Krasner is well aware that the state’s case against Hill is questionable and told the media the case would be delayed because the investigation of collected evidence could take months.

Community cannot afford ‘months’

Krasner’s withholding evidence for “months” shows just how out of touch he is with Philadelphia’s most oppressed communities. Much of the “evidence” includes the impounded possessions of Tioga residents who, like Hill, are victims of the police attack.

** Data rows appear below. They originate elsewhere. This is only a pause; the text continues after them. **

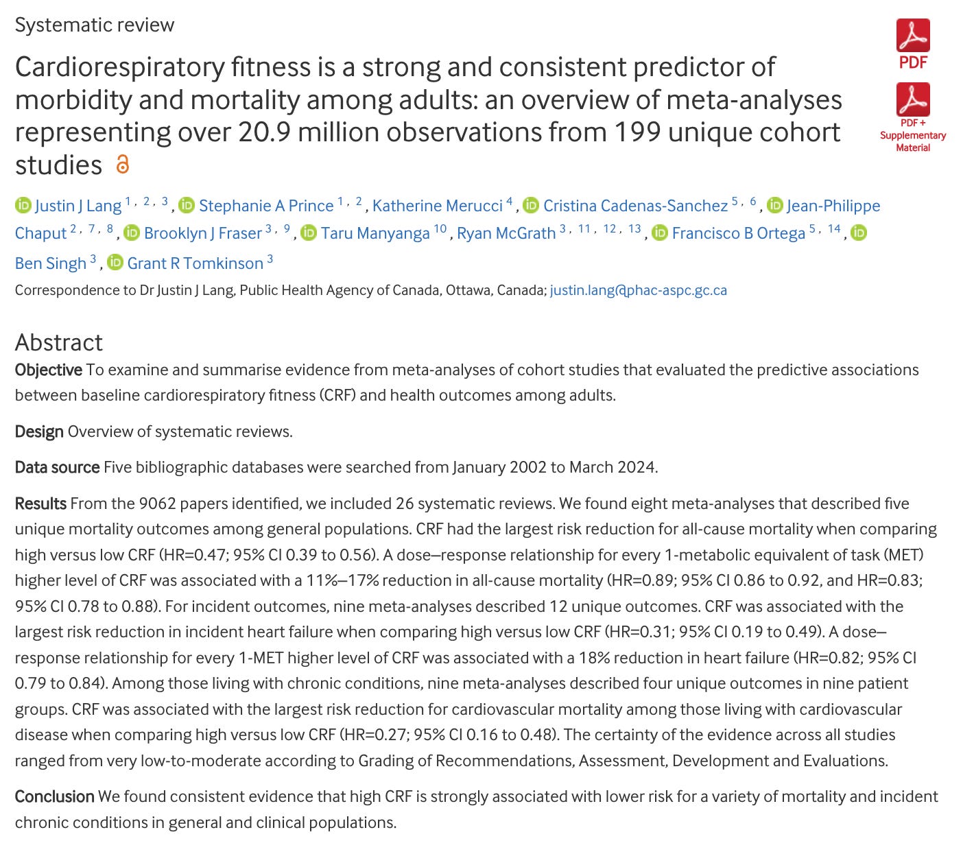 Those are impressive associations, but the certainty should not be overstated. The same overview rated the certainty of evidence across outcomes from very low to moderate. That does not weaken the overall signal, which is clearly strong and consistent, but it does argue for some caution when translating these epidemiologic associations into sweeping mechanistic claims. And I should note that many studies here were not actually about directly measured VO2 max. They are about CRF more broadly. So let’s discuss that…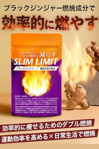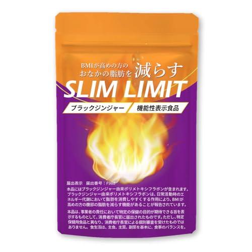 ?【スリムリミットとは】BMIが高めの方のウエスト周囲径を減らす機能性があるブラックジンジャー由来(ポリメトキシフラボン)を主成分としたサポートサプリメントです。主成分の「 ブラックジンジャー由来ポリメトキシフラボン 」には、ウエスト周囲径を減らすのを助ける機能がありますので、肥満気味な方、BMIが高めの方、肥満気味でお腹の脂肪やウエスト周囲径が気になる方におすすめです。 ?【機能性表示食品】機能性関与成分「ブラックジンジャー由来ポリメトシフラボン」配合。自然由来の燃焼成分があなたの脂肪を減らす作用があることが報告されています。日本では「黒ウコン」と呼ばれアルギニンや必須アミノ酸など豊富な栄養素を含んでいます。ブラックジンジャーが日常の活動時にBMIが高めの方の脂肪の消費を助ける作用があると報告されています。 ?【スリムリミットは、こんな方におすすめ】たくさん試してきた方、結果が出なかった方、ズボラさんも大丈夫。ブラックジンジャーは日本の活動時にBMIが高めの方の脂肪の活動消費を助ける作用があるので、効率的なダイエットをサポートできます。 ?【お腹脂肪を減少させる】ブラックジンジャー由来ポリメトシフラボンが日常生活時のエネルギー代謝において脂肪を消費しやすくする作用により、BMIが高めの方の腹部の脂肪を減らす作用があることが報告されています。ブラックジンジャーが内側からボディを作ります。 ?【安心・安全の国内製造】毎日お召し上がりいただくものだからこそ、高い基準をクリアした国内GMP工場で国内生産されています。安心・安全にお届けするため、徹底した品質管理を行っています。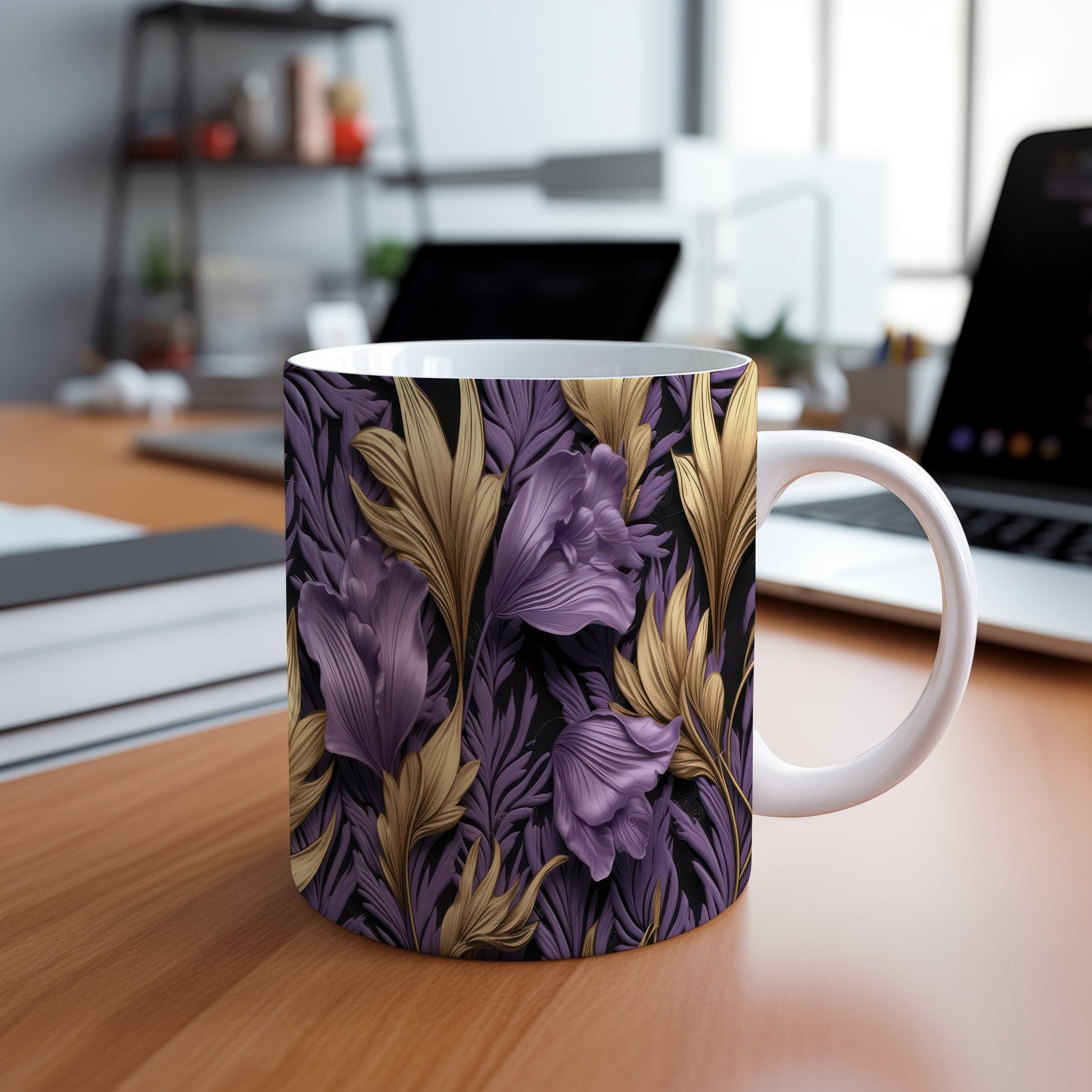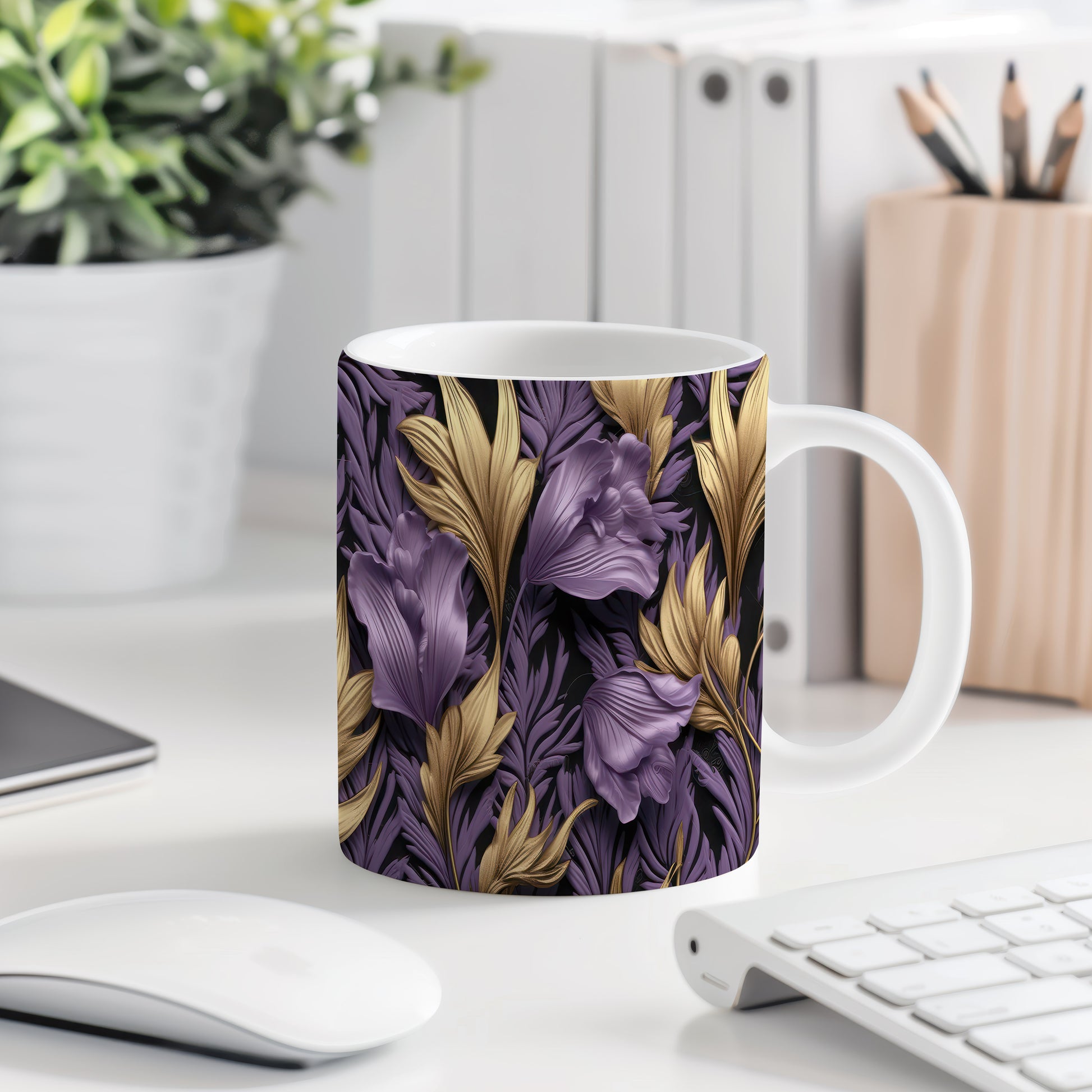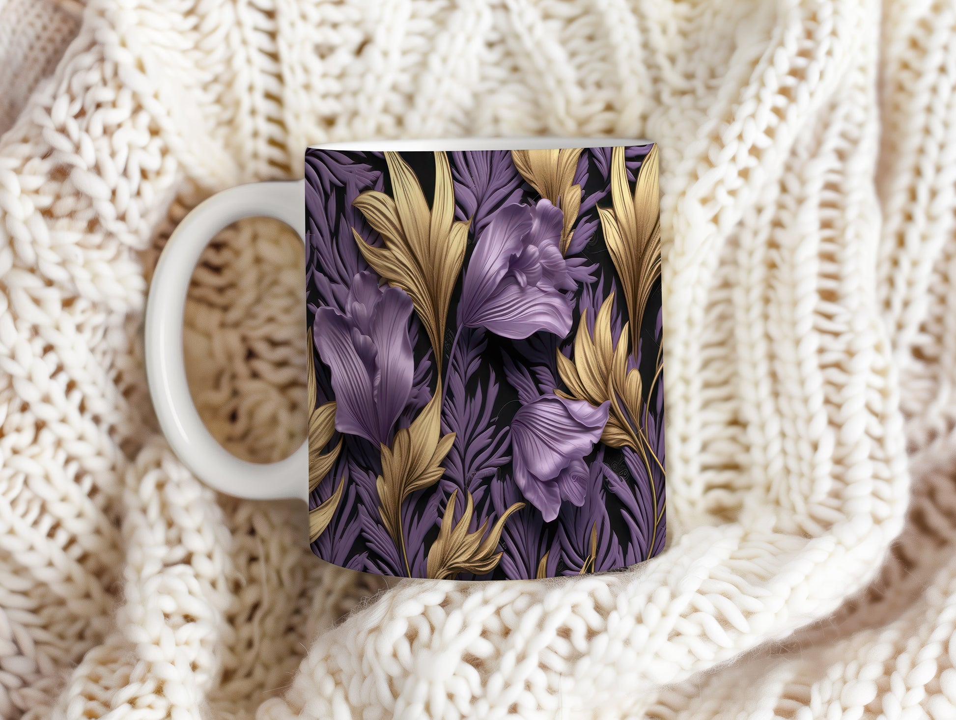 Tento hrnek zdobí krásný vzor fialových květin a zlatých listů na černém pozadí. Je ideální pro každodenní používání doma nebo v kanceláři a skvěle se hodí jako dárek pro milovníky květin. Materiál: keramika. Objem: 330 ml. Vhodné do myčky i mikrovlnky. Díky svému designu přináší do vašeho pití špetku elegance.

Their cars, riddled with bullets, were seized as evidence with no indication of when they will be returned. Many residents rely on their vehicles for work. They blame police for creating the siege, then damaging their property and taking no responsibility for repairs. 

One mother of 10- and 12-year-old children described their terror of being trapped alone for hours until police allowed her into her home at 1 a.m., where she found her children crying. A week later they still don’t want to go out to play. 

This block is full of children, always,” the mother told Inquirer.com on Aug. 22. “They play basketball, ride bikes, they eat water ice here, but they won’t come outside no more.” According to the paper, “She keeps thinking about how police treated her during the shooting, saying police didn’t identify themselves or make sure residents were safe. Their whole approach, she said, was wrong.” 

Other Tioga residents interviewed expressed sympathy with their neighbors, the alleged “drug dealers,” who were picked up as a result of the police siege. 

Block captain Cynthia Muse credited some of the arrested men for their involvement in the neighborhood, including holding barbeques and block parties and putting up a basketball hoop low enough that even the youngest children could play. Muse labeled the massive police presence in the neighborhood as “martial law.”

Freelance journalist Melissa Simpson, who grew up near the Tioga neighborhood, addressed social media support for Hill in the Aug. 22 article: “This is a guy who’s doing something we’ve never seen before: he’s shooting at cops … and he came out alive. That’s unprecedented.” As for the lack of community concern for the injured police, Simpson noted, “It’s really difficult to have empathy for oppressors.”